In the reply, give back exactly the lines from the one with "Nach der Messe" through the last line of the records, without pictures.

Segment Start: Data for review

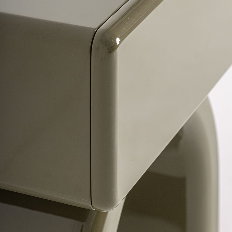 Fabricada en madera MDF y rematada con un acabado brillo, su superficie refleja la luz de manera sutil, realzando el color y aportando una sensación de amplitud. Incorpora un cajón práctico y discreto, ideal para mantener el orden y tener a mano lo esencial, sin renunciar al estilo.
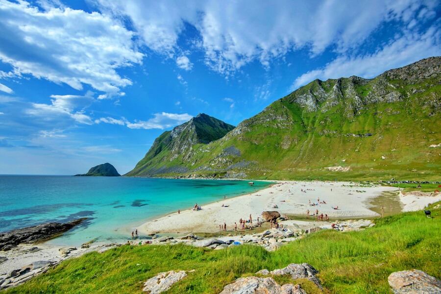 Odkryjemy piękno plaży Rørvik, jednego z najpiękniejszych nadmorskich miejsc w archipelagu. Na wyspie Gimsøy odkryjemy surowe piękno góry Hoven i zaciszną plażę Hov. Następnie odwiedzimy plażę Haukland, często uznawaną za jedną z najlepszych plaż na Lofotach, gdzie turkusowe wody spotykają się z białym piaskiem. Następnie udamy się do Henningsvær, tętniącego życiem miasta portowego słynącego z drewnianych domów i słynnego boiska piłkarskiego na wyspie.
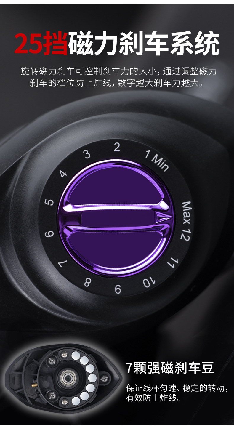 产品特点:25档磁力刹车系统,通过调整磁力刹车的档位防止炸线,数字越大刹车力越大。广角出线口,出现顺畅不伤线。
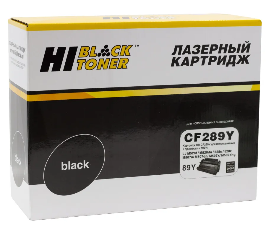 Картридж Hi-Black (CF289Y) ультра повышенной ёмкости для лазерных принтеров и МФУ HP. Ресурс составляет 20000 копий при 5% заполнении листа (данный показатель может изменяться в виду особенностей тех или иных настроек, выставляемых при печати). Cовместим с различными моделями лазерных принтеров. Этот картридж идеально подойдет для тех, кому необходима профессиональная и стабильная печать текстовых документов и графических изображений. Простота установки и обслуживания картриджа делают его удобным для использования как в офисе, так и дома. Совместим с принтерами: HP LaserJet Enterprise M507dn, M507x, Flow M528, M528dn, M528z.
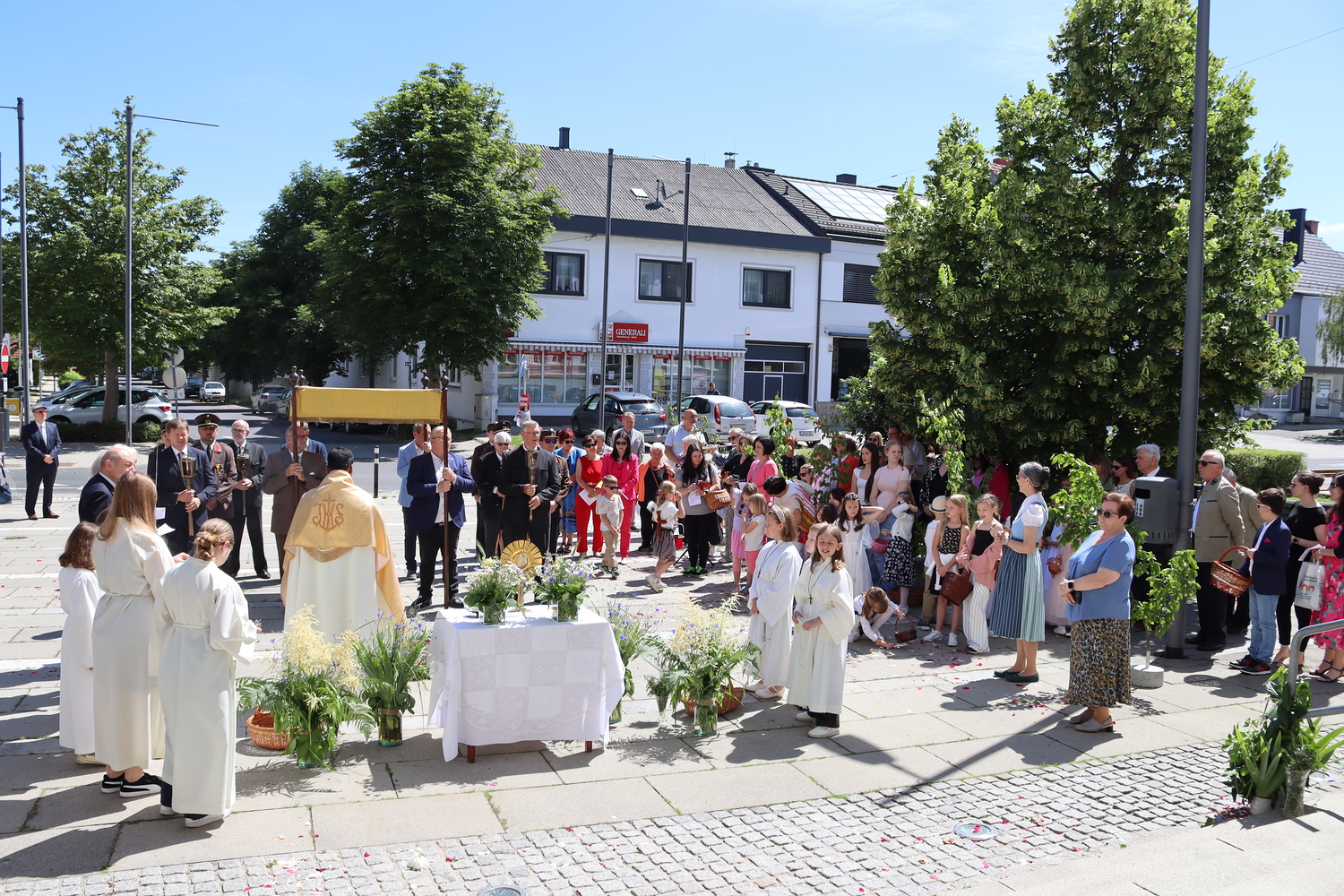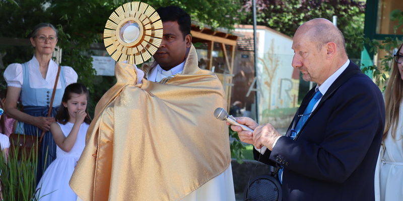 Nach der Messe begann die Prozession mit der konsekrierten Hostie durch Oberpullendorf. Ein Zeichen der Zuwendung Gottes zu Oberpullendorf, unserem Wohn-, Arbeits- und Lebensraum, zur Erde, zur Schöpfung und zur ganzen Wirklichkeit des Lebens. Diese Präsenz Gottes wurde in den Fürbitt- und Segensgebeten besonders zum Ausdruck gebracht.
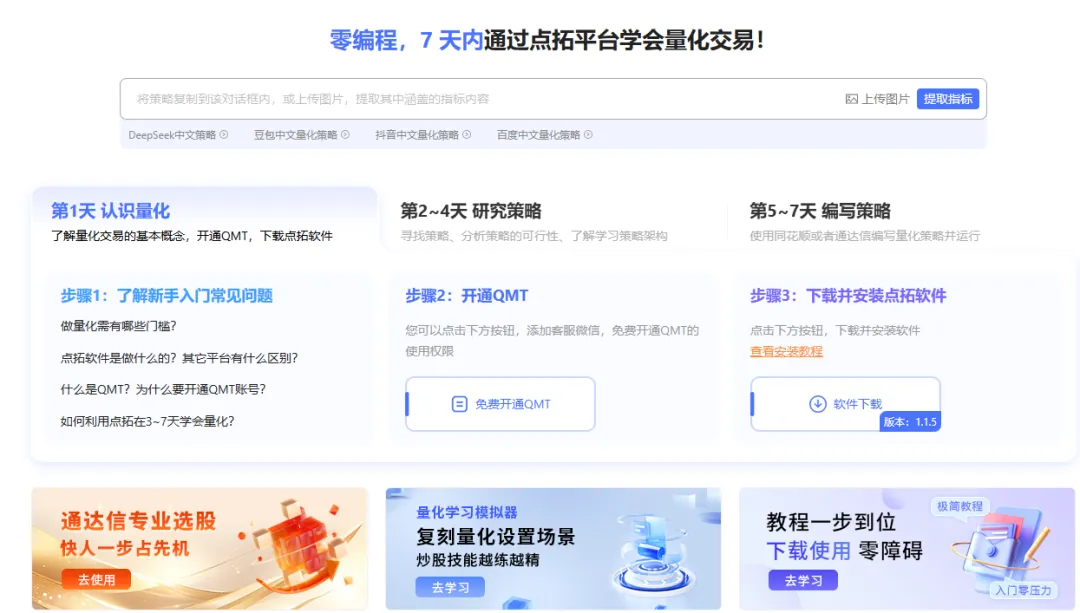 在量化交易日益普及的今天,不少投资者都想借助专业工具来提升交易效率。然而市面上的量化工具五花八门,有的需要较强的编程基础,有的功能又过于繁杂,让人不知如何选择。今天,我们就来为大家梳理几款热门的量化工具,并重点介绍一款专为普通散户打造的“利器”——点拓量化。

Segment End: Data for review

## Solution to the problem
 Nach der Messe begann die Prozession mit der konsekrierten Hostie durch Oberpullendorf. Ein Zeichen der Zuwendung Gottes zu Oberpullendorf, unserem Wohn-, Arbeits- und Lebensraum, zur Erde, zur Schöpfung und zur ganzen Wirklichkeit des Lebens. Diese Präsenz Gottes wurde in den Fürbitt- und Segensgebeten besonders zum Ausdruck gebracht.
 在量化交易日益普及的今天,不少投资者都想借助专业工具来提升交易效率。然而市面上的量化工具五花八门,有的需要较强的编程基础,有的功能又过于繁杂,让人不知如何选择。今天,我们就来为大家梳理几款热门的量化工具,并重点介绍一款专为普通散户打造的“利器”——点拓量化。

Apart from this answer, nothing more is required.